Nevertheless, the hierarchical genetic structure observed in Nunavik salmon rivers is consistent with our expectations given the species' strong homing behavior, which reduces gene flow from one river to another (Keefer & Caudill, 2014; Quinn, 2018) and thus increases divergence. Many studies have observed a hierarchical pattern of population structure in Atlantic salmon (Bourret et al., 2013; Dionne et al., 2008, 2009; Moore et al., 2014; Perrier et al., 2011). Also, a pattern of population structure where the sub-watersheds within a system are less divergent from each other than they are from neighboring systems has also been reported in several large systems (Aykanat et al., 2015; Dionne et al., 2009; Primmer et al., 2006). An important exception is the Miramichi R., which is the largest salmon river in North America and where no genetic structure has been observed (Dionne et al., 2009; Wellband et al., 2019).
Our results showed that IBD largely explains the genetic structure observed in Ungava Bay and are consistent with other studies on Atlantic salmon demonstrating IBD at varying scales, range-wide (King et al., 2001), between regions (Dillane et al., 2007; McConnell et al., 1997; Perrier et al., 2011; Säisä et al., 2005; Tonteri et al., 2009), and within the same system (Primmer et al., 2006). In Ungava Bay, this relationship between geographic distance and genetic differentiation was only observed when the CAN R. was removed from the analysis.
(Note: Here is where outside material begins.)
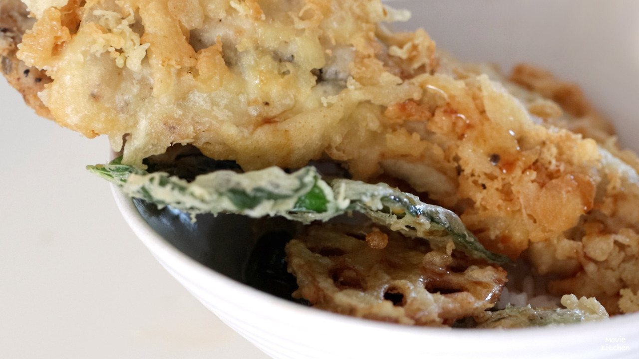 - 밥 위에 쯔유(또는 카에시)를 뿌리고 튀김을 올린다.

Although the CAN R. is also located within the Koksoak system, it is the most divergent population in Ungava Bay. The most likely explanation is that our sampling represents a stretch of about 28 km (corresponding to about 3% of the river's entire length) and was located downstream of the Limestone Falls, which is impassable for salmon migrating upstream. However, the presence of a landlocked salmon population upstream of the falls is known. Since migration into this population has probably been impossible since the last Ice Age (5500–6000 years BP; Dalton et al., 2020), it is likely strongly affected by genetic drift. As a result, it is expected to have low genetic diversity and to be highly differentiated from other populations in the system (e.g., Sandlund et al., 2014; Whiteley et al., 2010). Low Ne, as well as low Ho, suggests that the strong differentiation between the CAN R. site and the others could be caused by unidirectional gene flow from this isolated population.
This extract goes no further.